Just this side of heaven is a place called Rainbow Bridge.
When an animal dies that has been especially close to someone here, that pet goes to Rainbow Bridge.
There are meadows and hills for all of our special friends so they can run and play together.
There is plenty of food, water and sunshine, and our friends are warm and comfortable.
All the animals who had been ill and old are restored to health and vigor; those who were hurt or maimed are made whole and strong again, just as we remember them in our dreams of days and times gone by.
The animals are happy and content, except for one small thing; they each miss someone very special to them, who had to be left behind.
They all run and play together, but the day comes when one suddenly stops and looks into the distance. His bright eyes are intent; His eager body quivers. Suddenly he begins to run from the group, flying over the green grass, his legs carrying him faster and faster.
You have been spotted, and when you and your special friend finally meet, you cling together in joyous reunion, never to be parted again. The happy kisses rain upon your face; your hands again caress the beloved head, and you look once more into the trusting eyes of your pet, so long gone from your life but never absent from your heart.

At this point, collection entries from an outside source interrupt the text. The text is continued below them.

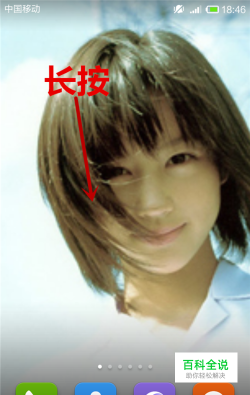 首先,找到手机的一个空白页面,用于摆置日历,长按桌面,会弹出选框。
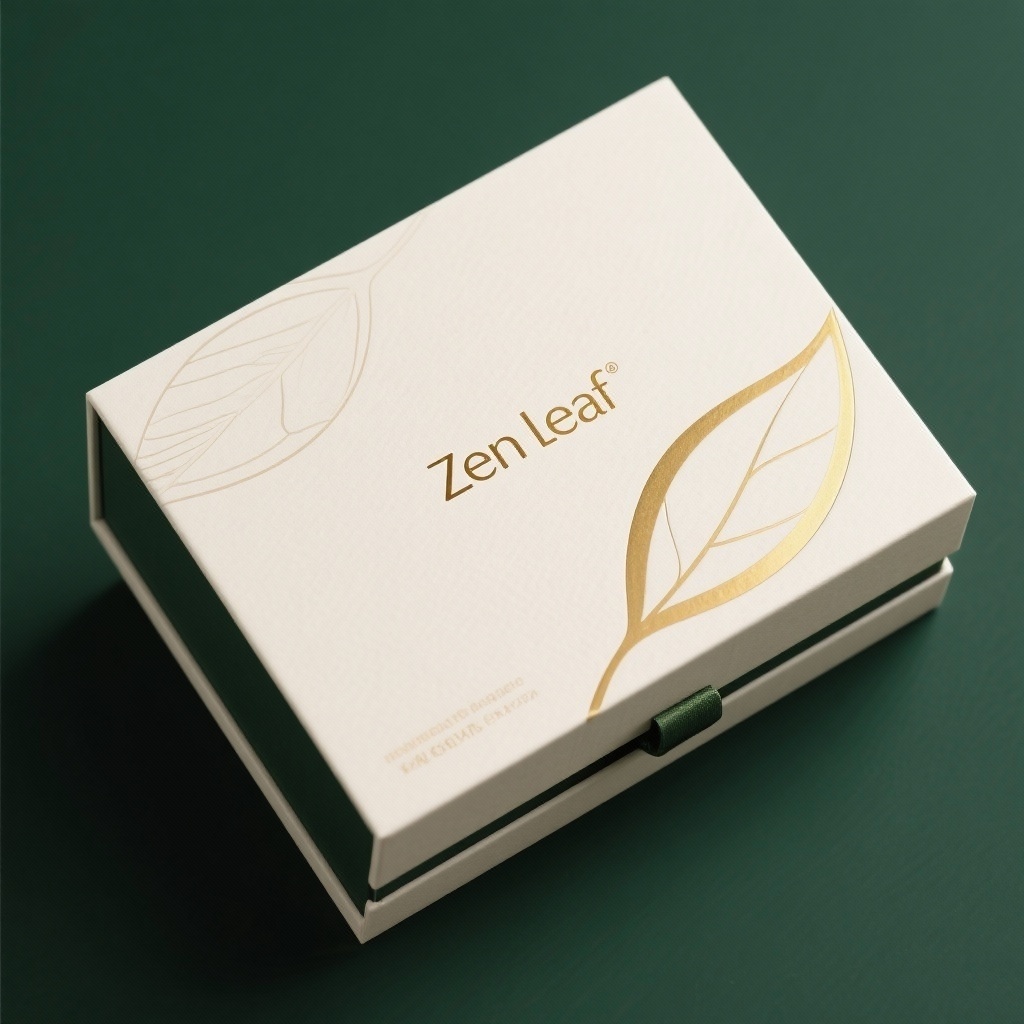- **产品**:优质有机茶叶 - **品牌名**:ZenLeaf - **包装样式**:礼品盒 - **设计风格**:极简现代 - **设计元素**:抽象叶子图案、金色烫印徽标 - **主题配色**:米白、深绿
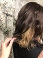 bob×インナーカラー。全体は、パープルグレーの優しい色合いに。インナーカラーは、透明感のあるホワイティアッシュ。こちらはブリーチが2、3回必要です。アレンジが楽しめるカラーです。
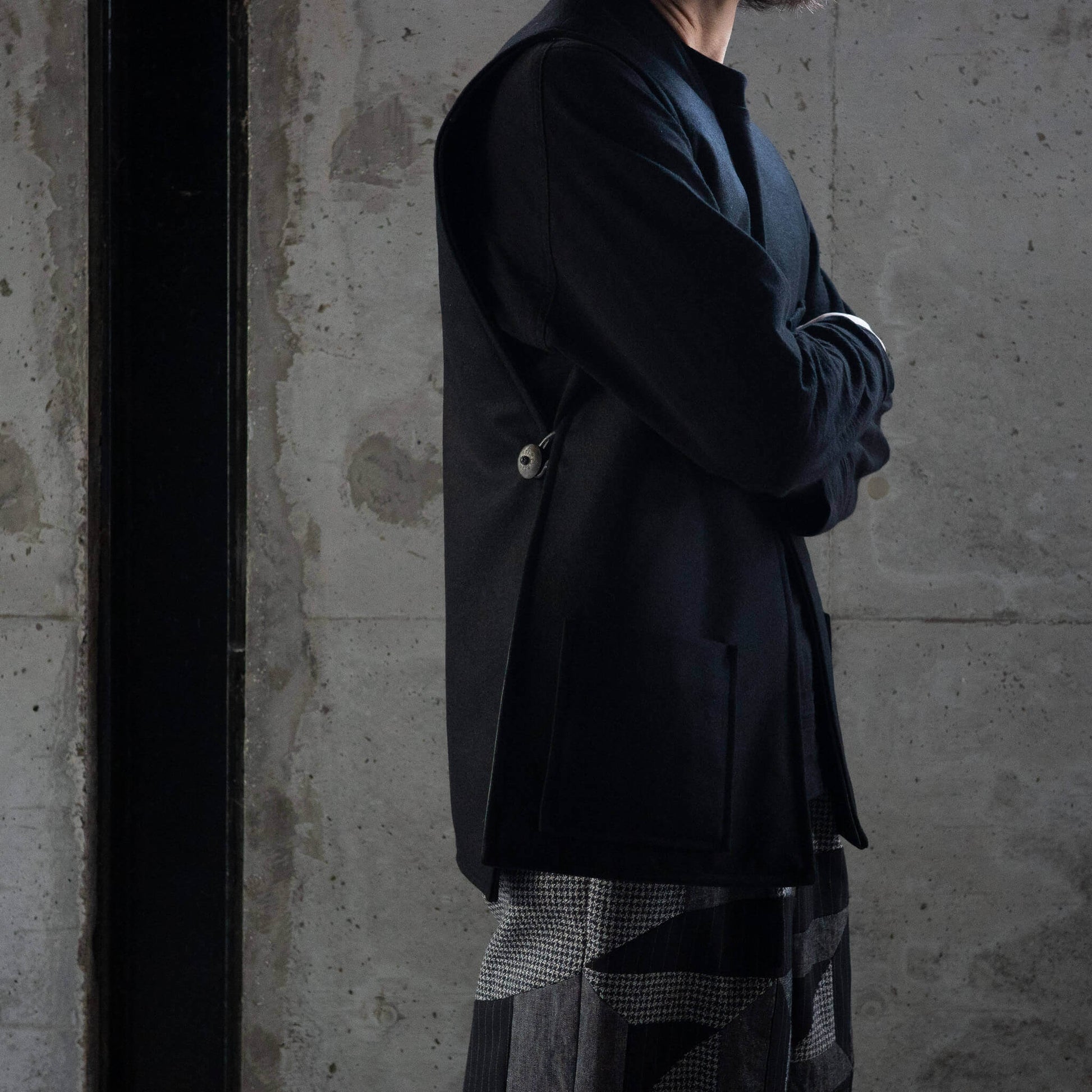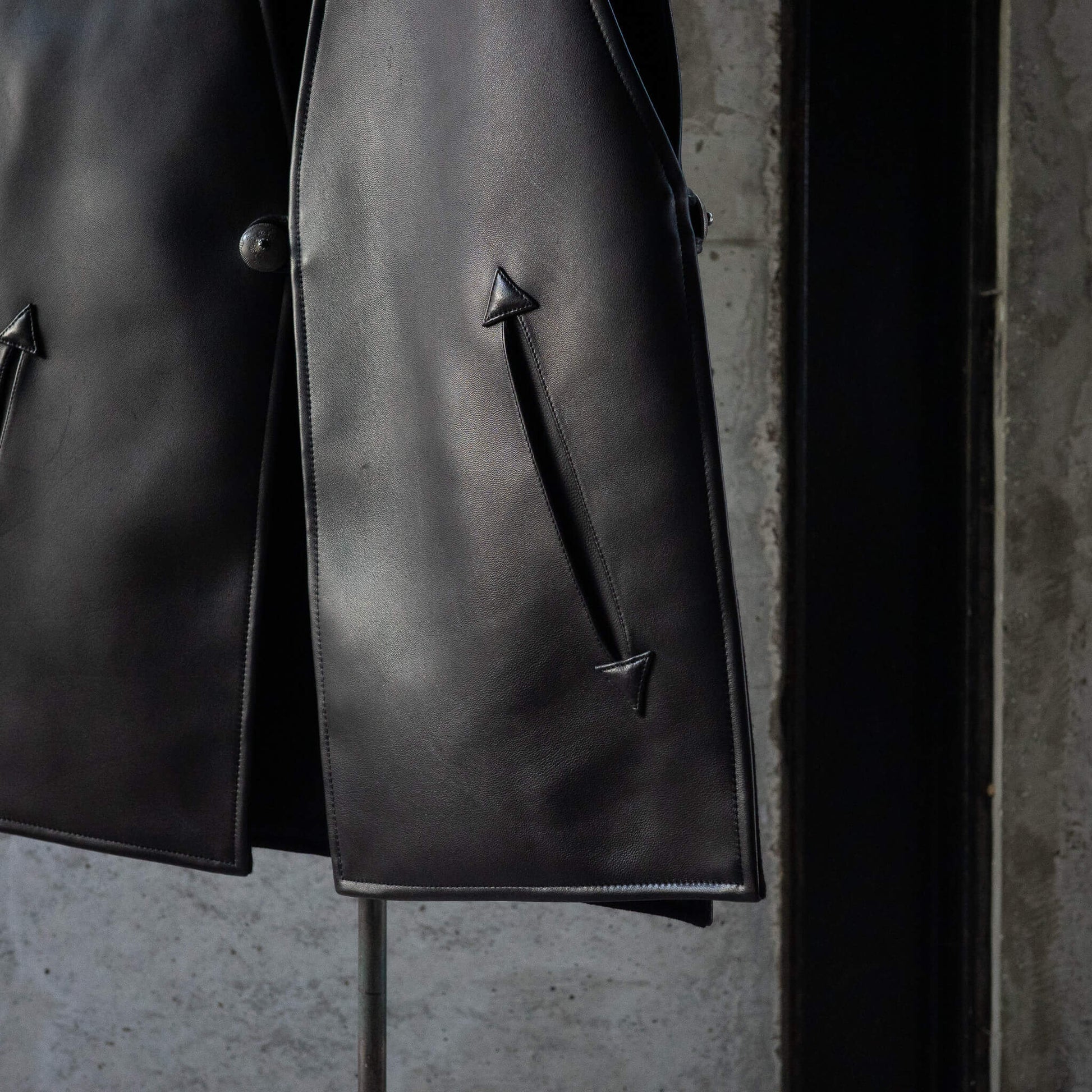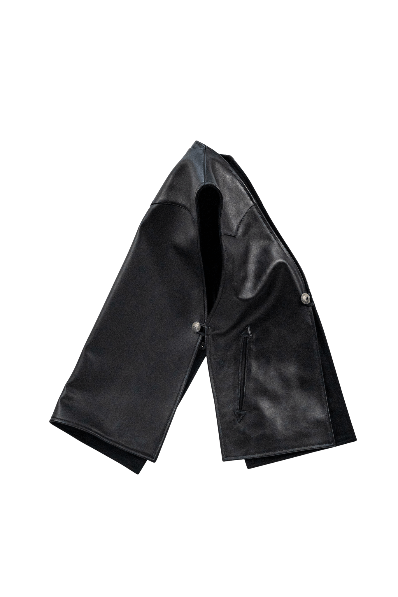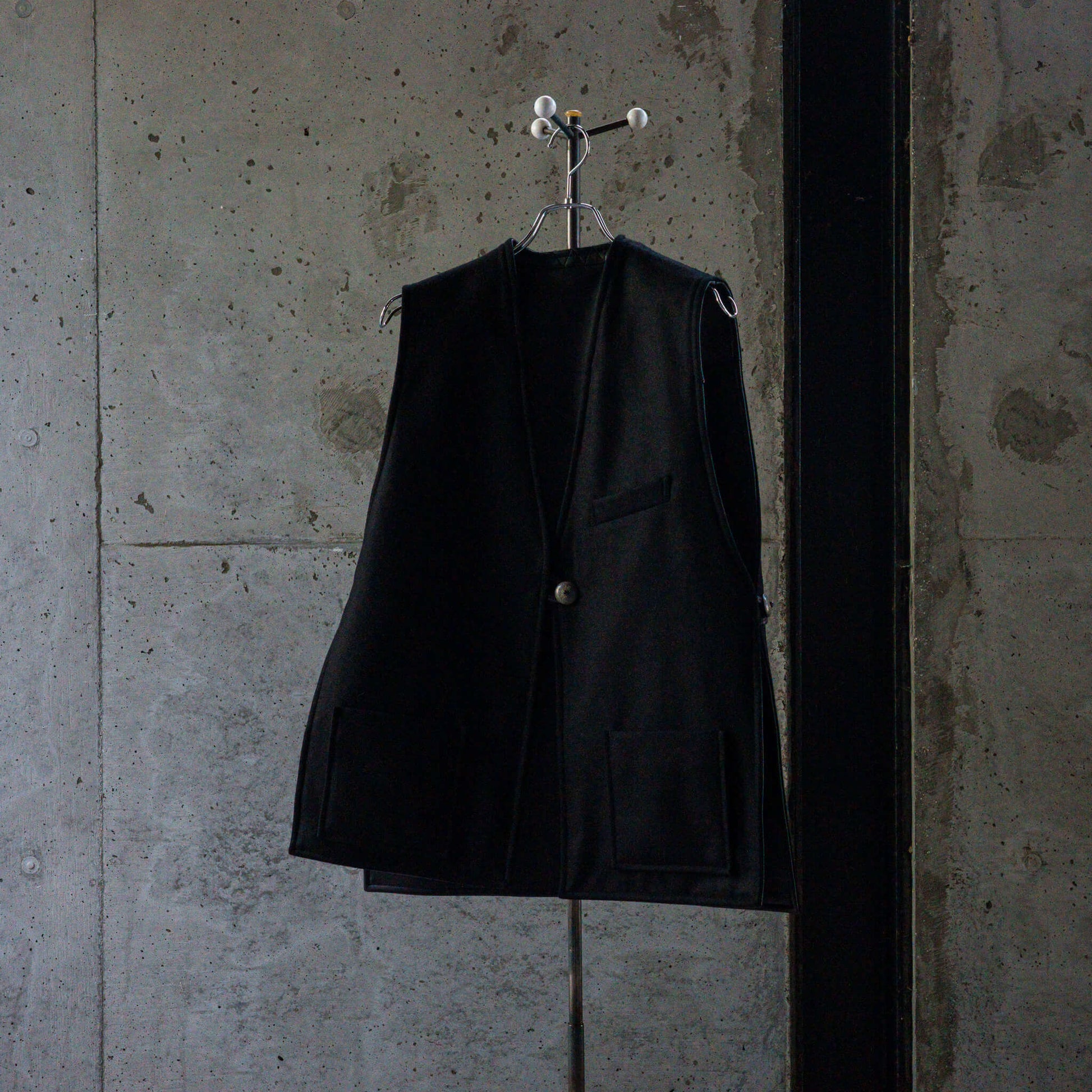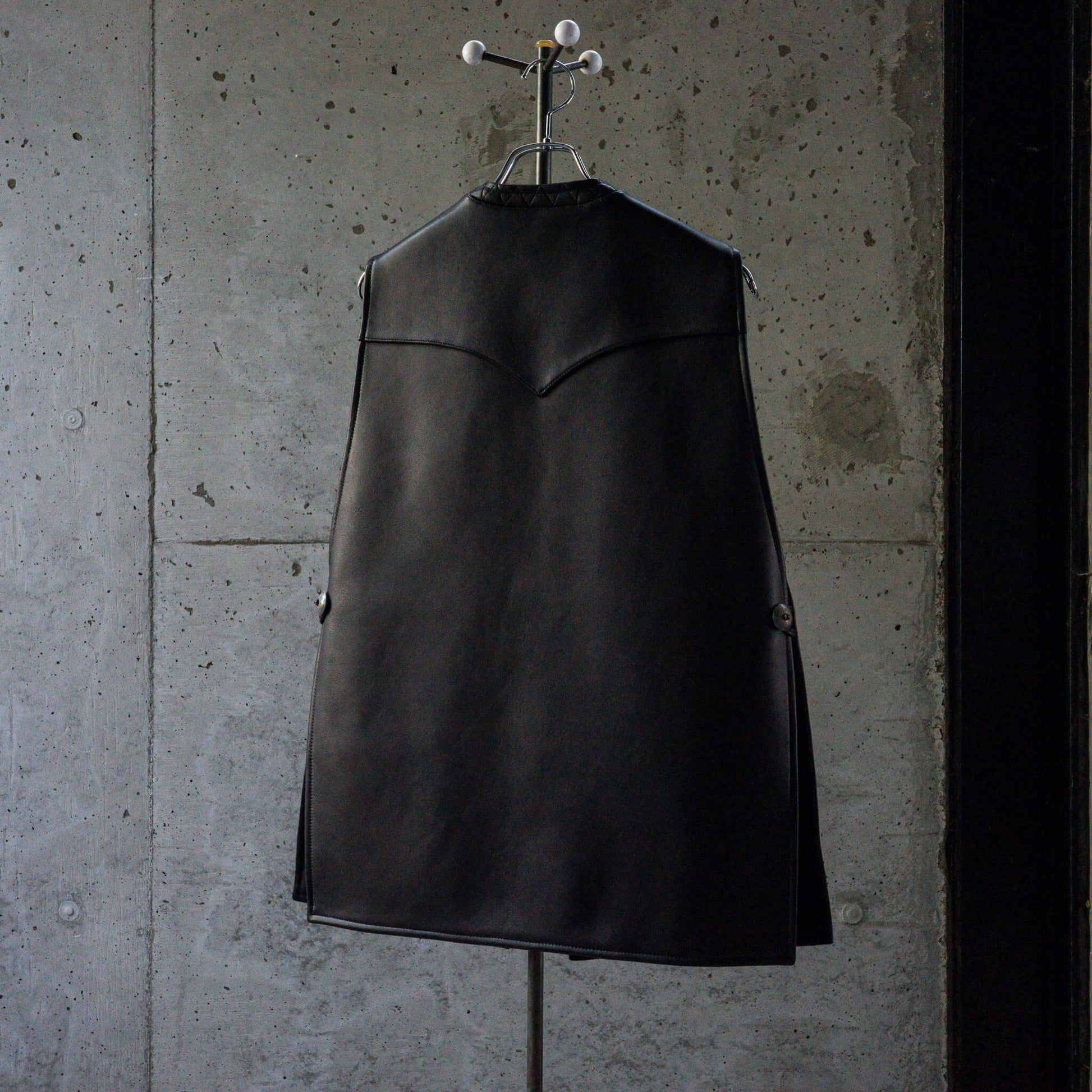 前身頃と後ろ身頃は肩で繋がれ、両サイドをコンチョボタンで固定する独特なデザイン。バサッと羽織る感覚で、ざっくりとしたプロポーションに仕上げられています。

Then you cross Rainbow Bridge together....
Author unknown
Take all the time you need. You know where to find me if you wanna talk *hugs*
I know all to well how hard it is to loose such a close family member on such a way. Our beloved Beagle boy fell ill with stage four Cancer and all I could do was hold him as his life slipped away. The shot is painless enough for them, but that is a pain we must carry for the rest our lives.
You will heal love, and you will find peace in your heart....but no matter what that love and sadly the pain will remain.
You will find a place in your heart and there they will forever stay....*Hug's*
I'm not religious, but no matter what faith, they all can agree that all dogs go to heaven, if that offers a sort of solace.
Take the time you need to heal, I'm sure your commissioners will understand.